止めた方がいいのか分からない微妙な空気が漂う中、アルコールの力を得た高砂が、なるようになれとばかりに続く。
「俺も見とったぞ、早よ出せや」
揃いも揃ってなんで因縁をつける不良のような台詞回しなのかが気になって仕方がないが、最早続くしかなくなった天満も流れに乗ることにした。
「ええから早よせえ!」
薬物なのか、何をしていたのかは分からないが、街中でいきなり謎の集団に絡まれる、という事態に巻き込まれた側の男はただ困惑する。
「なんやコイツら!?」
「やかましい、警察や!」
「ウソこけ!こんな酔っ払いがポリな訳あるかい!」
「じゃかあしい!結論お前は酔っ払いに現場押さえられる低レベルなチンピラやないかい!」
ぎゃあぎゃあと騒いでいる間に到着した松屋が状況だけ見て事態を悟ると、加勢に入る。
「ええから早よしい!警察や!」
日頃から無駄に松屋の察しがいいとは思っていたが、その察しの良さを遺憾無く発揮する様子に天満は呆れ3割、頼もしさ6割、そして1割の恐怖を感じていた。
この押し問答が始まって数分、いずれは時間の問題だった津久野も現場に臨場した。後から後から追加でやってくる謎の自称警察集団にいよいよ男が恐慌状態に陥る。
「俺が何してん?!ちょお帰してえや!」
「持っとるもん出してからや!分かったあるねんで!」
「やから何の話しとんねん!ポリやったら手帳出せや!黙秘するで!」
騒ぎを聞きつけたのか、通報があったのか。
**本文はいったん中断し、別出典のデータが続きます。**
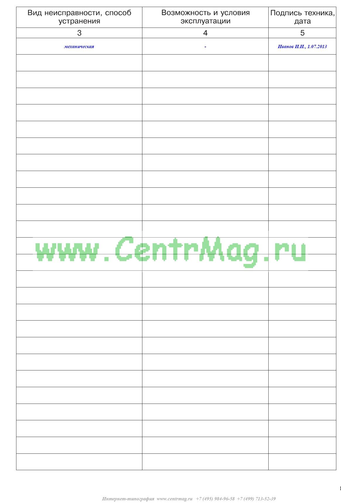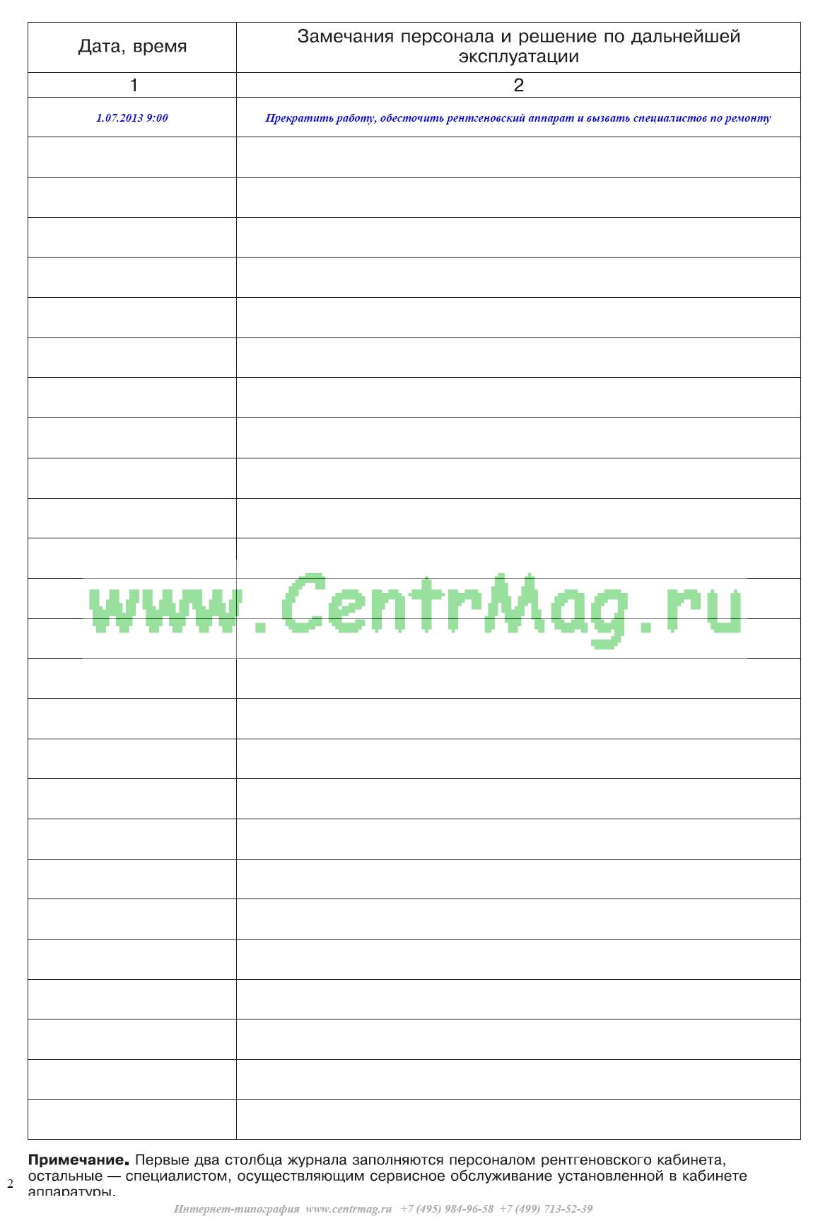 Первые два столбца заполняются персоналом рентгеновского кабинета, остальные - специалистов, осуществляющим сервисное обслуживание установленной в кабинете аппаратуры.
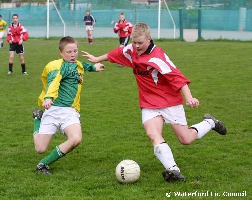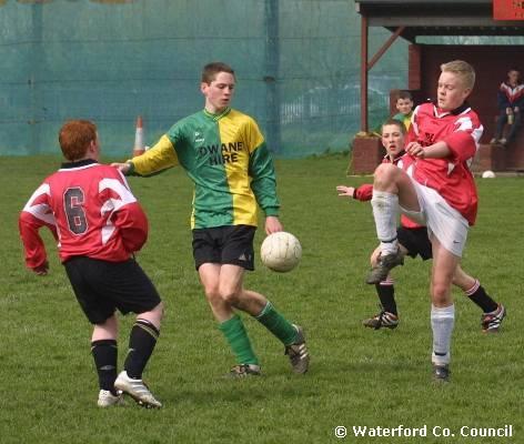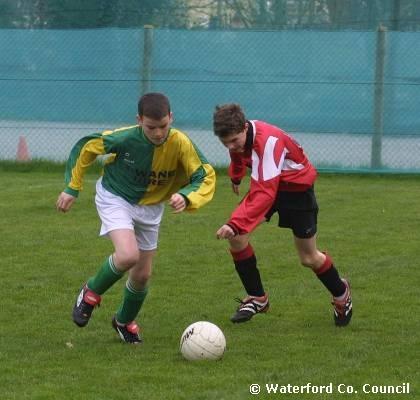 County Waterford. Action shot in a Ballinroad v Bohs U14 soccer match |

おそらくは近所の交番から派出されたであろう制服が走ってくるが、その内の1人が様子を見て、集団の中の橋下に気が付くや否や「うわ」と声を上げる。
「おいコラ「うわ」とはなんや「うわ」とは」
「いや、先輩、その、ええ?」
交番員たちの様子から察した当の不審人物は驚きの声を上げる。
「え?お前らホンマにポリなん?」
「言うとるやないかい!」
反射的に全力で殴りそうになった手を宙で数回振る。とっさのごまかしの挙動だが、橋下の妙に冷静な部分がそうさせた。何しろ、今はボディカメラを付けているのだ。自分で自分の非違事案の証拠を集める趣味は橋下にはなかった。
「ちょお、待ちいや」
間に制服警察官、野田巡査長が割って入る。
「ひとまず、君?こっち来て?大丈夫?」
制服の片割れ、三国巡査が「大変だね」という空気を滲ませながら男に話しかける。
「え?あ?はぁ・・・・・・いやいやいや!嫌やって!」
魔法取締係の面々から解放された男が交番チームの発言に素直に従うかと思いきや、突如として拒否を示す。
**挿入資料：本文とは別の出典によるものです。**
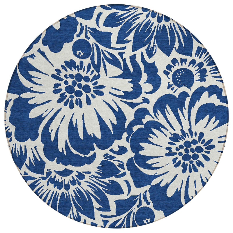 8' Round Navy and Ivory Round Floral Washable Non Skid Indoor Outdoor Area Rug
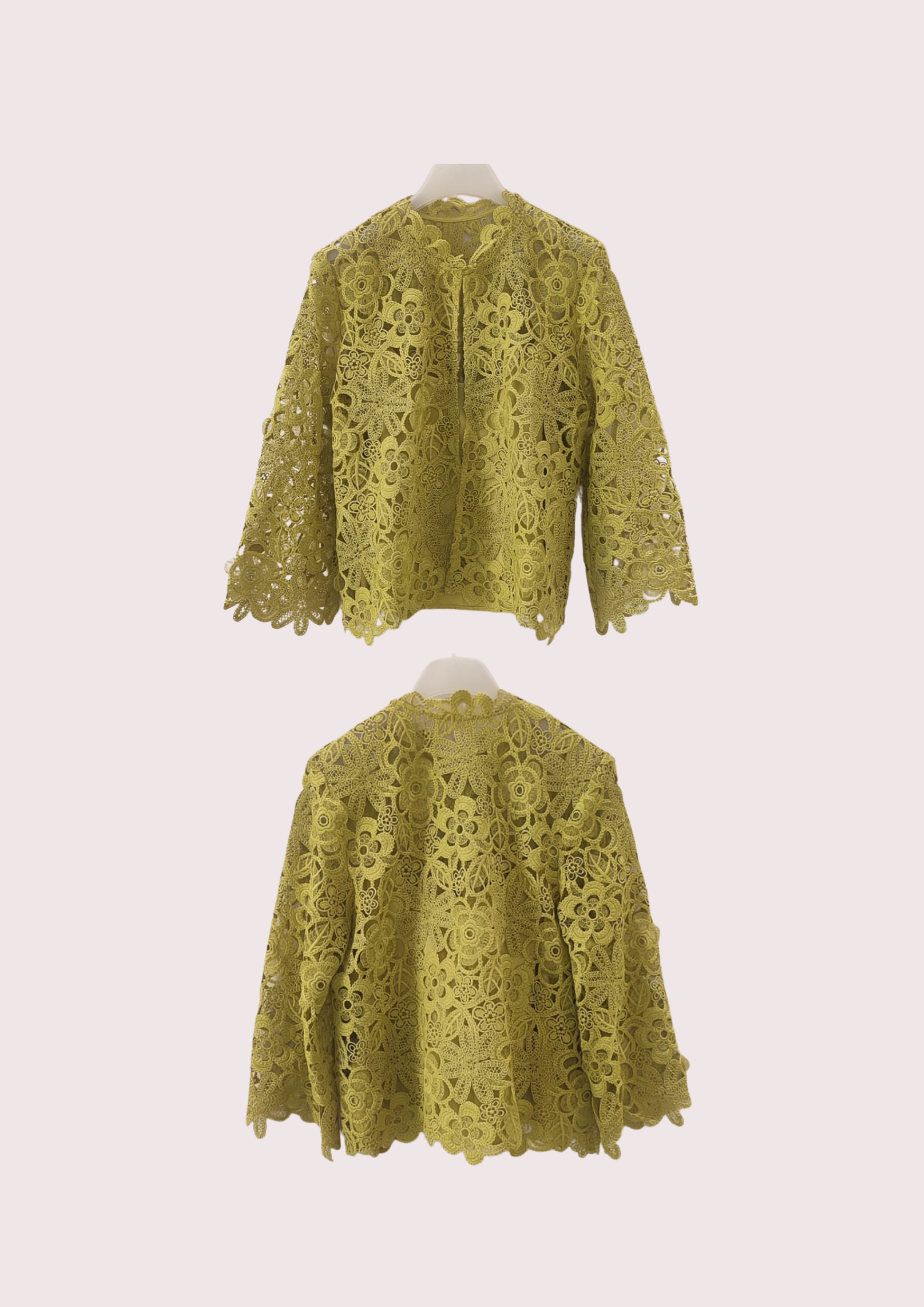 Unit price perThe Odette Lace Blouse embodies timeless femininity through intricate craftsmanship. Designed with all-over floral lace and scalloped edges, it offers a delicate balance of structure and lightness. The relaxed silhouette and three-quarter sleeves create an effortlessly elegant look, perfect for layering or wearing as a statement piece. Refined yet versatile, it brings a touch of romance to both everyday and special occasions.
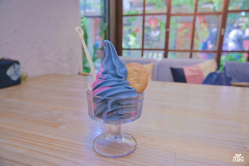 卓也小屋度假園區裡的下午茶有兩間,剛剛的書園子是位置比較高的二店,另外一間是離入口處不遠的藍庄咖啡。點了鹹口味的烤餅、飲料,還有招牌染色冰淇淋,下圖合照的冰淇淋被我偷吃了,哈。當天去的時候麻糬已經賣完好可惜,希望下次有機會吃到。

特段、何の不利益にもなりそうな行動を取っていなかった交番チームの制服警察官、野田巡査長と三国巡査は、ここに至り不審な男に対する疑義を深める。
アイコンタクトだけで意思疎通を取り、野田が注意を引くように職務質問を長引かせ、一方でその意図を汲んだ三国が目に付かないように無線で応援要請を出す。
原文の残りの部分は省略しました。